Freie Herauskündigungsklauseln sind im Gesellschaftsrecht nur ausnahmsweise zulässig
Eine freie Hinauskündigungsklausel zeichnet sich dadurch aus, dass die Kündigung des Gesellschafters keinen sachlichen Grund erfordert, eine inhaltliche Rechtfertigung der Kündigung also nicht nötig ist.
Grundsatz: Freie Hinauskündigungsklausel unwirksam, weil
sittenwidrig
Nach ständiger Rechtsprechung des BGH sind solche Klauseln wegen Sittenwidrigkeit prinzipiell unwirksam (§ 138 Abs. 1 BGB). |
Hintergrund dieser Rechtsprechung ist der Gedanke, dass jeder Gesellschafter ohne äußeren Druck und in freier Selbstverantwortung seine Rechte und Pflichten als Mitglied der Gesellschaft wahrnehmen können und sich nicht dem Diktat der Mehrheit beugen soll. Ein freies Kündigungsrecht schwebt jedoch einem „Damokles-Schwert“ vergleichbar über den betroffenen Gesellschaftern und kann diese daran hindern, ungehemmt und sachgerecht von ihren Mitgliedschaftsrechten Gebrauch zu machen. Freie Hinauskündigungsklauseln im Gesellschaftsvertrag oder einer Satzung sind daher im Grundsatz nichtig.
Freier Hinauskündigungsklauseln nicht ausnahmslos unzulässig
Allerdings gilt dies nicht ausnahmslos. So ist nach der Rechtsprechung entscheidend, ob sich wegen besonderer Umstände im Einzelfall eine sachliche Rechtfertigung einer solchen Klausel bejahen lässt.
Freie Herauskündbarkeit beim Managermodell
Eine Ausnahme gilt unter anderem im sogenannten Managermodell, bei welchem die Gesellschafterstellung an das Bestehen einer (organschaftlichen) Geschäftsführerstellung gebunden ist.
- Da der Geschäftsführer frei abbestellt werden kann, kann ihm auch die Gesellschafterposition letztlich frei gekündigt werden.
- Im Managermodell beruht die Gesellschafterstellung des Geschäftsführers allerdings darauf, dass man diesem bei Aufnahme seiner Tätigkeit eine Minderheitsbeteiligung eingeräumt.
- Diese soll einen zusätzlichen finanziellen Anreiz geben, besondere Leistungen zu erbringen. Somit hat die Gesellschafterstellung wirtschaftlich gesehen reinen Bonuscharakter und verliert ihre Existenzberechtigung in dem Moment, in welchem der Gesellschafter seine Anstellung verliert.

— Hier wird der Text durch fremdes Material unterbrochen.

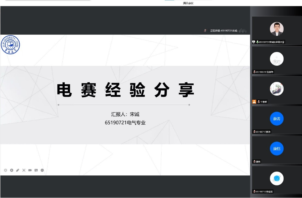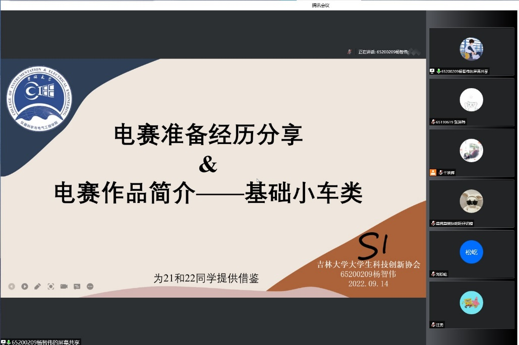 现科协外宣部成员杨智伟以基础小车类电赛作品为侧重,分析其中的知识点和设计点,给21和22级同学提供了许多非常具体的学习实操建议。科协科技部长薛涛则讲解了很多与电赛有关的知识“干货”,以“旋转倒立摆”的设计为例教同学们建立起电赛设计的基础思维。李佳凇和宋诚又进一步分享了如何完成一个电赛项目,包括赛前所需的准备,电赛期间如何更合理地规划时间,赛后的优化总结等。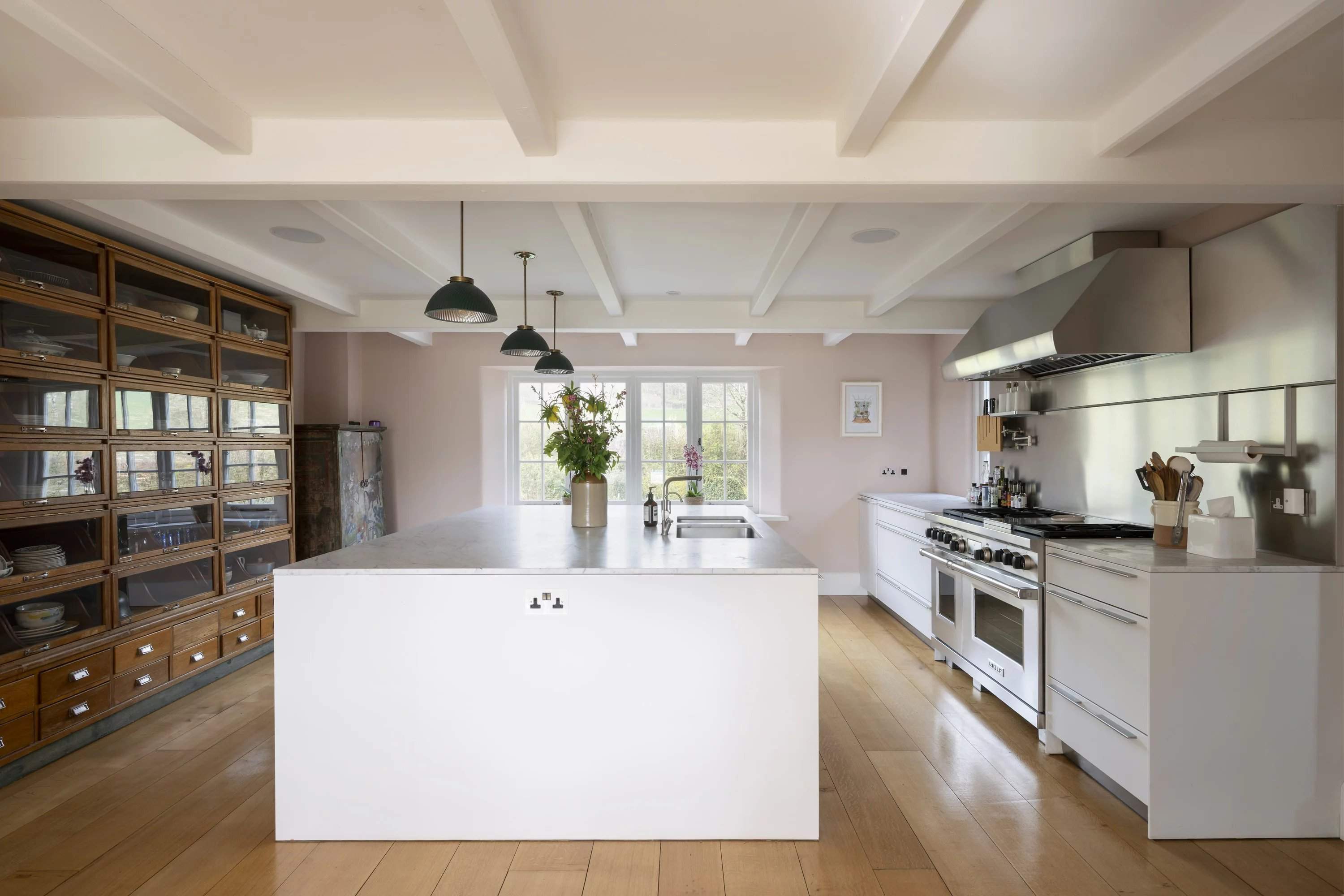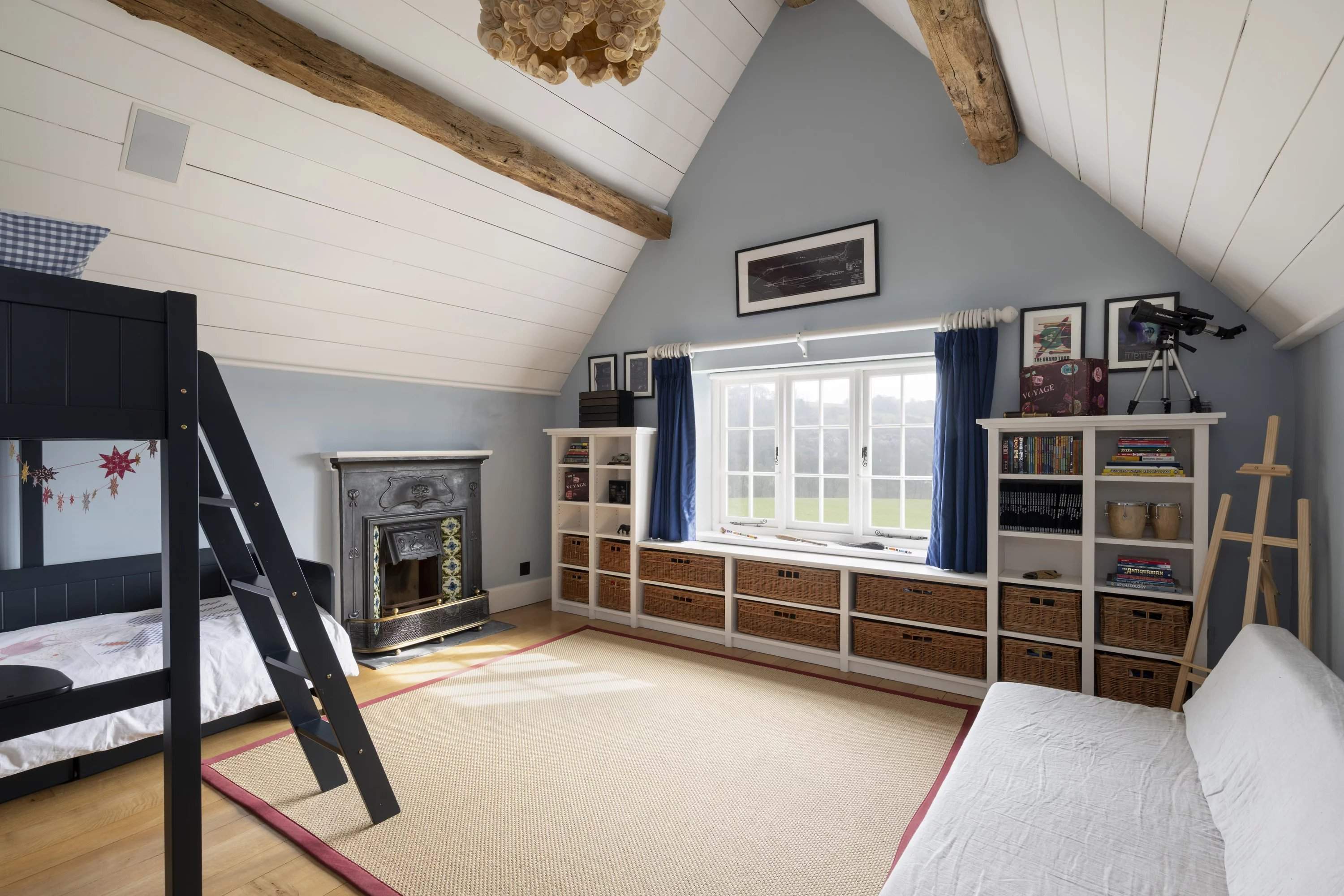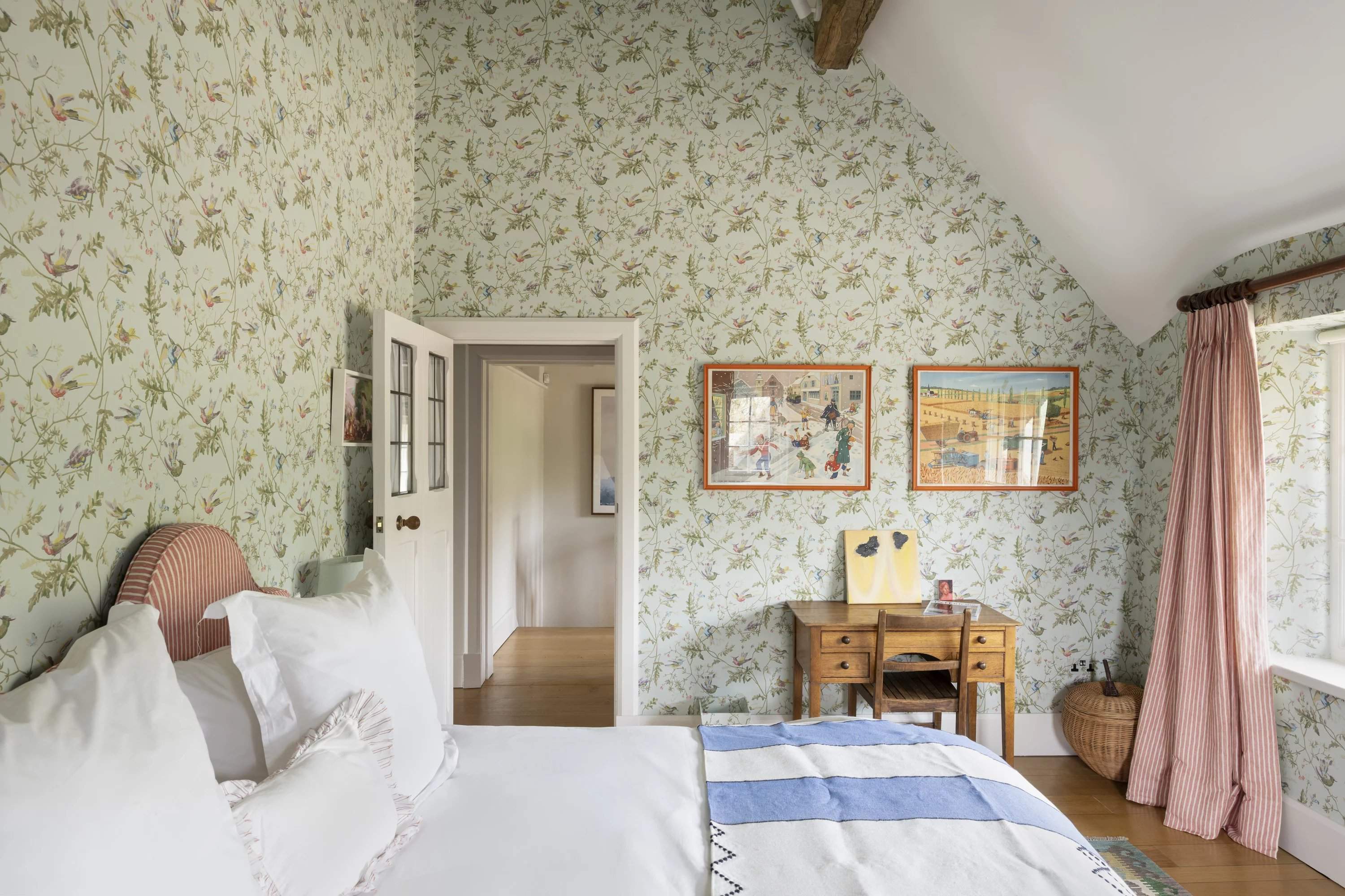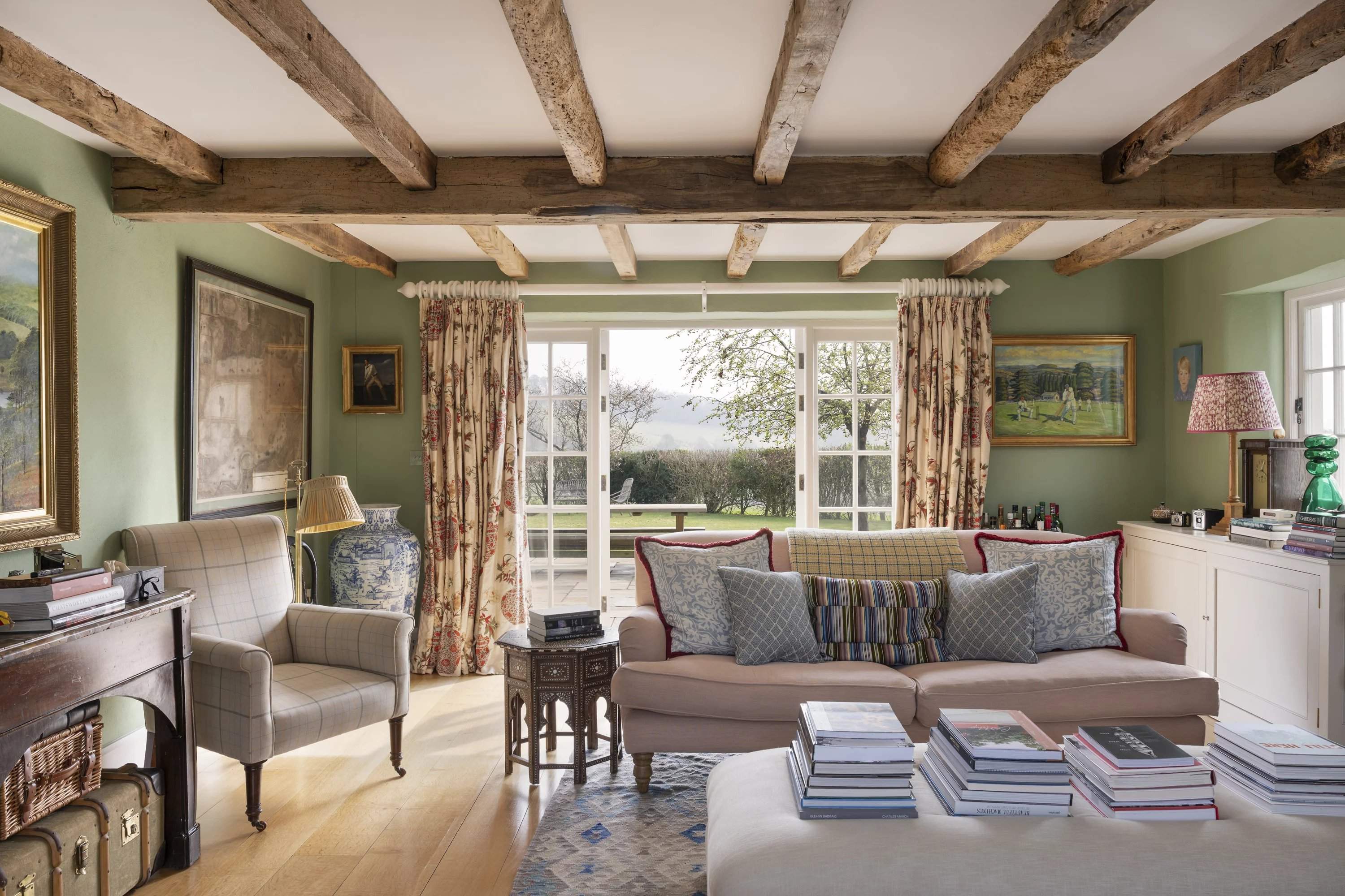 Une maison en chaume de quatre chambres située dans un jardin paysager avec vue sur la campagne ouverte. À l'intérieur, des poutres apparentes et des intérieurs aux tons doux équilibrent le caractère avec une ambiance plus détendue et contemporaine. La salle principale s'ouvre sur la terrasse, tandis qu'une deuxième salle de séjour offre un refuge plus calme. Une cuisine spacieuse et une salle à manger attenante constituent le coeur social, avec des portes françaises prolongeant la fluidité vers l'extérieur. À l'étage, trois chambres sont individuellement décorées, dominées par une suite principale généreuse offrant une vue étendue. Par ailleurs, un studio indépendant complète l'ensemble. Extérieurs, des pelouses et des espaces de terrasse sont encadrés par une plantation établie, avec une vue rurale ininterrompue au-delà.

Daher ist es sachlich gerechtfertigt, dem Geschäftsführer mit Ende seiner Tätigkeit auch die Gesellschafterstellung zu entziehen, die Möglichkeit einer freien Hinauskündigung ausnahmsweise zulässig.
Weitere Ausnahmsfälle
Eine freie Hinauskündbarkeit hat die Rechtsprechung ferner in Fällen akzeptiert,
- in welchen der vollständig finanzierende Gesellschafter aufgrund einer engen persönlichen Beziehung dem zweiten Gesellschafter eine Mehrheitsbeteiligung und die Geschäftsführung überließ
- und wenn die Gesellschafterstellung nur einen Annex zu einem Kooperationsvertrag darstellte.
- Wirksam kann zudem der Vorbehalt eines freien Ausschlusses sein, wenn eine Gesellschaft von Freiberuflern einen neuen Gesellschafter aufnimmt und sich die Altgesellschafter dabei eine zeitlich begrenzte Prüfungsmöglichkeit von maximal 3 Jahren vorbehalten möchten.
Rechtsprechung gilt für alle Gesellschaftsformen
Die Rechtsprechung gilt unabhängig von der Rechtsform der betroffenen Gesellschaft. Hinauskündigungsrechte lassen sich daher – in den eben erwähnten Grenzen – sowohl in Kapital- als auch in Personengesellschaften umsetzen.
- Die freie Hinauskündigung eines Gesellschafters kann also bei Vorliegen einer sachlichen Rechtfertigung ausnahmsweise zulässig sein.
- Ihre Wirksamkeit hängt aber stets von den genauen Umständen des konkreten Falls ab.
- Ob eine zu zahlende Abfindung angemessen ist, ist für die Wirksamkeit im Übrigen irrelevant. Denn eine unangemessen niedrige Abfindung müsste lediglich durch eine der Höhe nach angemessene Zahlung ersetzt werden müsste.